■ DATA SEGMENT
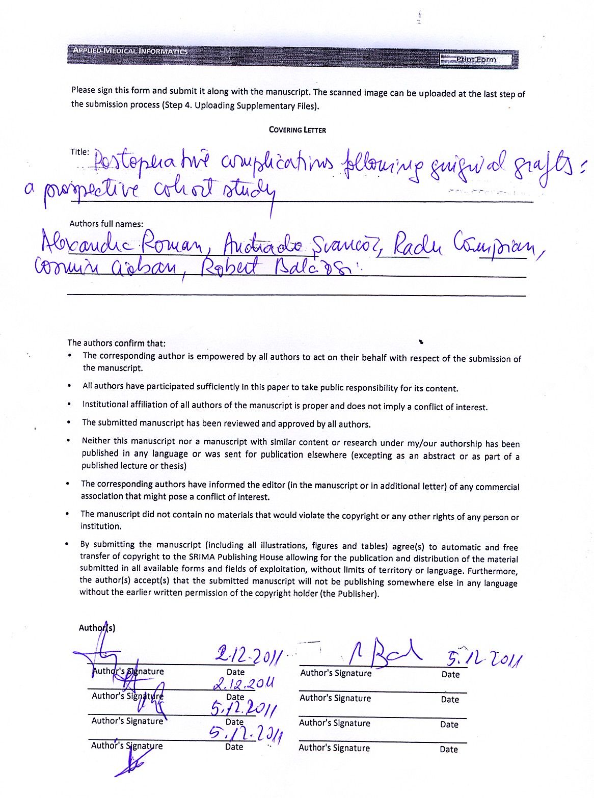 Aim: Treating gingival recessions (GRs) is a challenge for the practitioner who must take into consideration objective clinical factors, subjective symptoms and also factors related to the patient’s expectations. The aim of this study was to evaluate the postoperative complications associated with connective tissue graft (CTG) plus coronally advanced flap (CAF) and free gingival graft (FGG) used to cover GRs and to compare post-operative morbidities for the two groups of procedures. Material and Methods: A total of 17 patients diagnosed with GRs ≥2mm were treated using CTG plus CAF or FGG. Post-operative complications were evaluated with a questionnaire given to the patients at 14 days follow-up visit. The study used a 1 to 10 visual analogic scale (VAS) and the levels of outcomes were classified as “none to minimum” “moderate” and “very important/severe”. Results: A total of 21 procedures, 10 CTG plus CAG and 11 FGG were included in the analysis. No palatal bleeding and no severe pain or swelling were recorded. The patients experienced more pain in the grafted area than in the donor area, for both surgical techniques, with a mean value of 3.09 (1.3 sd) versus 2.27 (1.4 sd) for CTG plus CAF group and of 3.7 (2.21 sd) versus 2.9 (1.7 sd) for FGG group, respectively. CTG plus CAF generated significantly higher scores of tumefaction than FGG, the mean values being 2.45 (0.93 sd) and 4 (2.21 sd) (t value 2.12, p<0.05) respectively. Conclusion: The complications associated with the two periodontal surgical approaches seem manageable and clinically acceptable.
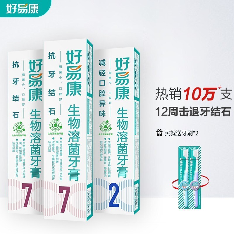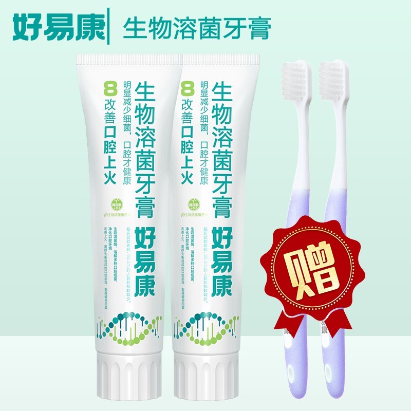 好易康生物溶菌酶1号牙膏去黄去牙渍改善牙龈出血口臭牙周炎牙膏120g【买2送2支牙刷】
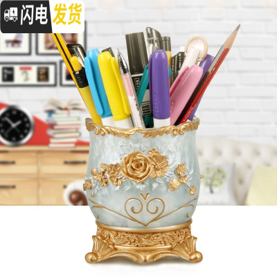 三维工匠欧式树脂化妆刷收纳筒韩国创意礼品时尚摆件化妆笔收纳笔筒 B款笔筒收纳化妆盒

■ YOUR ASSIGNMENT
Where a line contains "好易康生物溶菌酶1号牙膏去黄", begin there and set down exactly each line through the end of the data above, omitting any pictures.

■ FINAL ANSWER
 好易康生物溶菌酶1号牙膏去黄去牙渍改善牙龈出血口臭牙周炎牙膏120g【买2送2支牙刷】
 三维工匠欧式树脂化妆刷收纳筒韩国创意礼品时尚摆件化妆笔收纳笔筒 B款笔筒收纳化妆盒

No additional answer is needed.